─── WORKING DATA

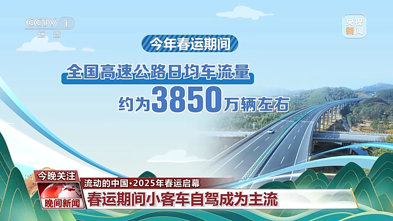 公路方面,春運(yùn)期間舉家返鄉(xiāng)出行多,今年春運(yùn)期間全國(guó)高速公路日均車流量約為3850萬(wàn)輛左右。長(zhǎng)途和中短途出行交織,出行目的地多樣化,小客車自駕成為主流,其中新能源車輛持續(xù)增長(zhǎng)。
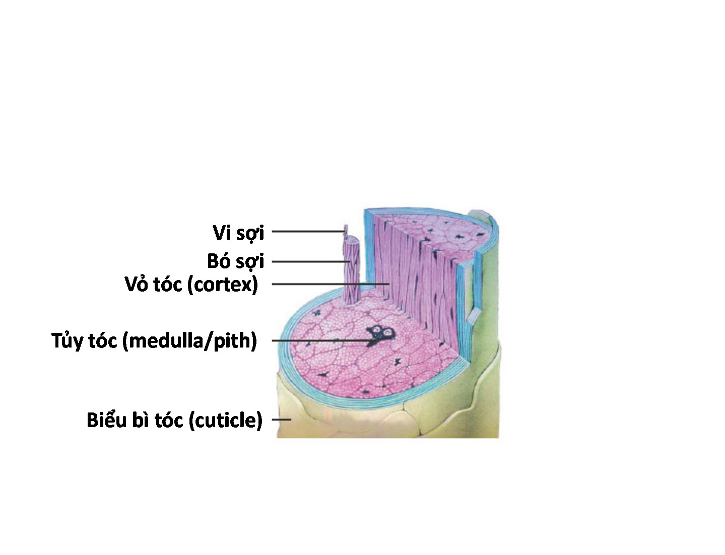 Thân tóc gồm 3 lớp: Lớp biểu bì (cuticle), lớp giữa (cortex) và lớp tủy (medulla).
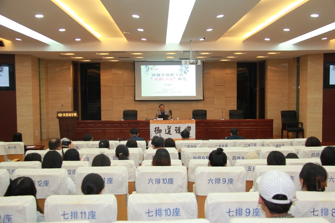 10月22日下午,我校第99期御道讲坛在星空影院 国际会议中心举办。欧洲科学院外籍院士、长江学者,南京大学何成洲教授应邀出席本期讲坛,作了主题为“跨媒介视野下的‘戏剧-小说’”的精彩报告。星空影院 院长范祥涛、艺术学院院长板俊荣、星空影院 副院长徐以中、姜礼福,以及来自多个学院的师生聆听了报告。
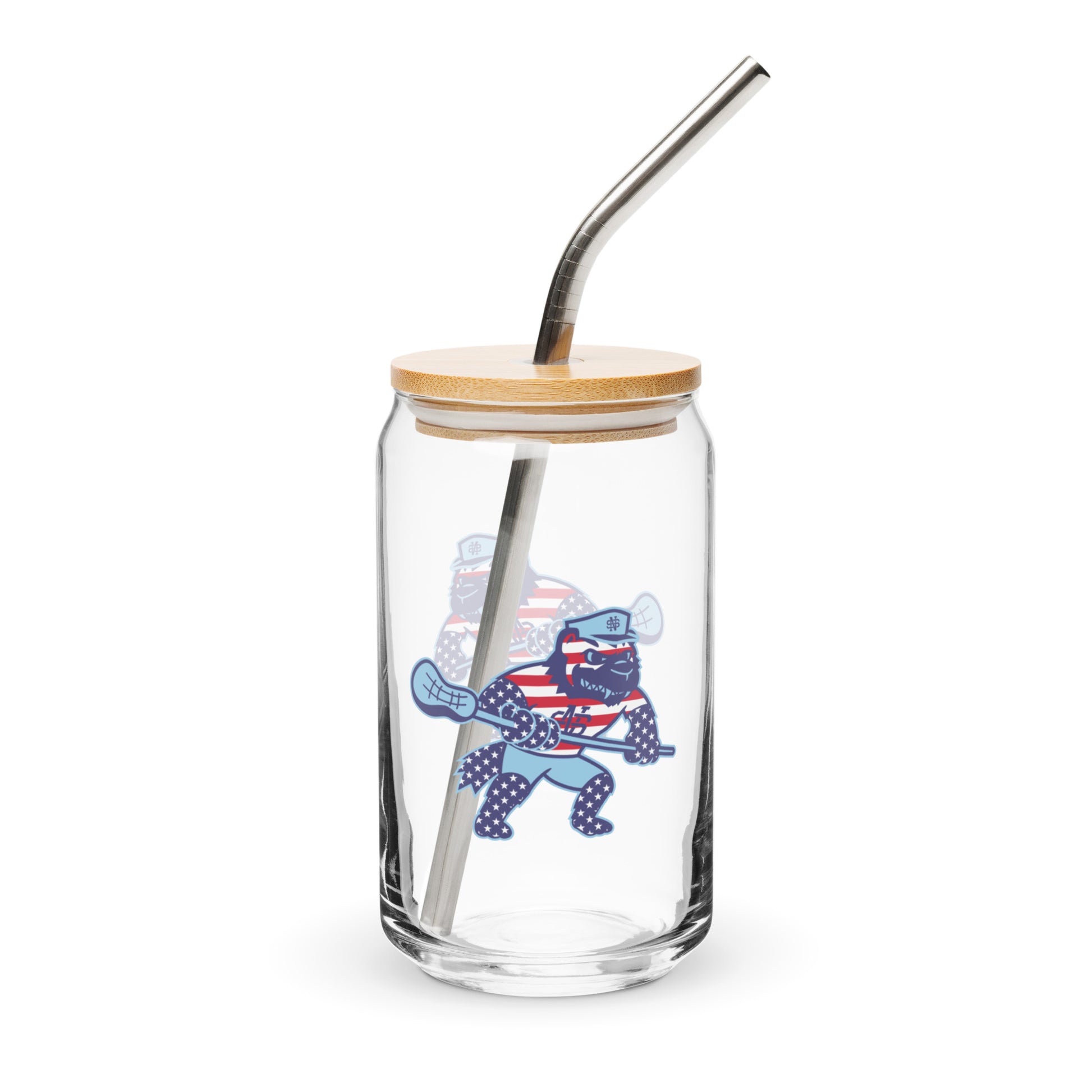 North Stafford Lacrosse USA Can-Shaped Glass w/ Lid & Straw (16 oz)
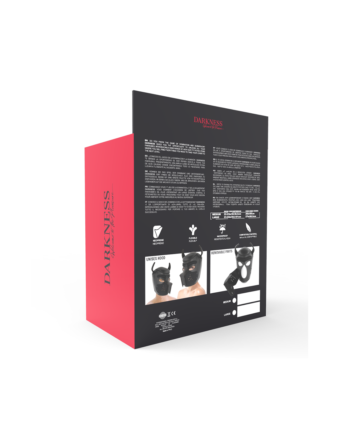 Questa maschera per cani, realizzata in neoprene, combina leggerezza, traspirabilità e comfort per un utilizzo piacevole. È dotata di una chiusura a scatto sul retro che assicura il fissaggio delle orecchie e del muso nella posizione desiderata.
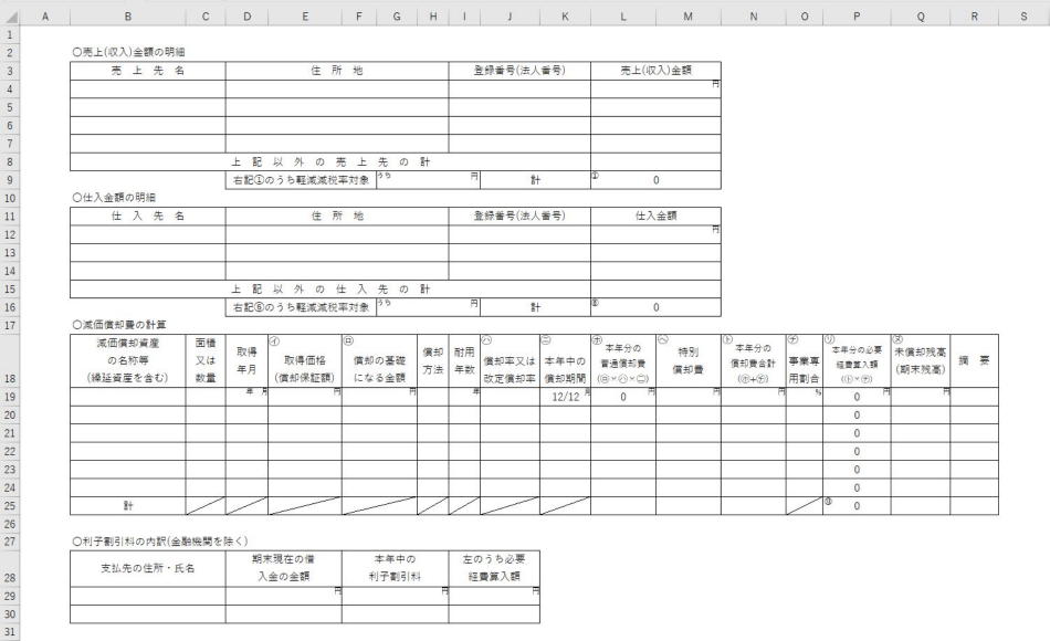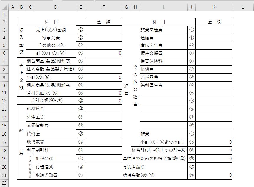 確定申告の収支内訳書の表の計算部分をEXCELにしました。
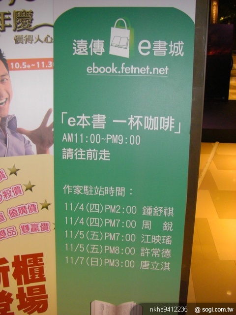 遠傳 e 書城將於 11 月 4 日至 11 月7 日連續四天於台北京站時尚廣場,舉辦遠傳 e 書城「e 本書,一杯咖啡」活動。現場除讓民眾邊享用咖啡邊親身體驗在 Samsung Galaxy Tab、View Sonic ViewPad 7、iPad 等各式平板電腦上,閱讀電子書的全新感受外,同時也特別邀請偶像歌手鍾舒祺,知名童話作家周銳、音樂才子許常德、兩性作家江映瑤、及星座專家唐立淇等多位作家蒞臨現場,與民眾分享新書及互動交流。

──────

- TASK ITEM
Set every line of the records down again exactly, and exclude all pictures.

- ANSWER AREA
 公路方面,春運(yùn)期間舉家返鄉(xiāng)出行多,今年春運(yùn)期間全國(guó)高速公路日均車流量約為3850萬(wàn)輛左右。長(zhǎng)途和中短途出行交織,出行目的地多樣化,小客車自駕成為主流,其中新能源車輛持續(xù)增長(zhǎng)。
 Thân tóc gồm 3 lớp: Lớp biểu bì (cuticle), lớp giữa (cortex) và lớp tủy (medulla).
 10月22日下午,我校第99期御道讲坛在星空影院 国际会议中心举办。欧洲科学院外籍院士、长江学者,南京大学何成洲教授应邀出席本期讲坛,作了主题为“跨媒介视野下的‘戏剧-小说’”的精彩报告。星空影院 院长范祥涛、艺术学院院长板俊荣、星空影院 副院长徐以中、姜礼福,以及来自多个学院的师生聆听了报告。
 North Stafford Lacrosse USA Can-Shaped Glass w/ Lid & Straw (16 oz)
 Questa maschera per cani, realizzata in neoprene, combina leggerezza, traspirabilità e comfort per un utilizzo piacevole. È dotata di una chiusura a scatto sul retro che assicura il fissaggio delle orecchie e del muso nella posizione desiderata.
 確定申告の収支内訳書の表の計算部分をEXCELにしました。
 遠傳 e 書城將於 11 月 4 日至 11 月7 日連續四天於台北京站時尚廣場,舉辦遠傳 e 書城「e 本書,一杯咖啡」活動。現場除讓民眾邊享用咖啡邊親身體驗在 Samsung Galaxy Tab、View Sonic ViewPad 7、iPad 等各式平板電腦上,閱讀電子書的全新感受外,同時也特別邀請偶像歌手鍾舒祺,知名童話作家周銳、音樂才子許常德、兩性作家江映瑤、及星座專家唐立淇等多位作家蒞臨現場,與民眾分享新書及互動交流。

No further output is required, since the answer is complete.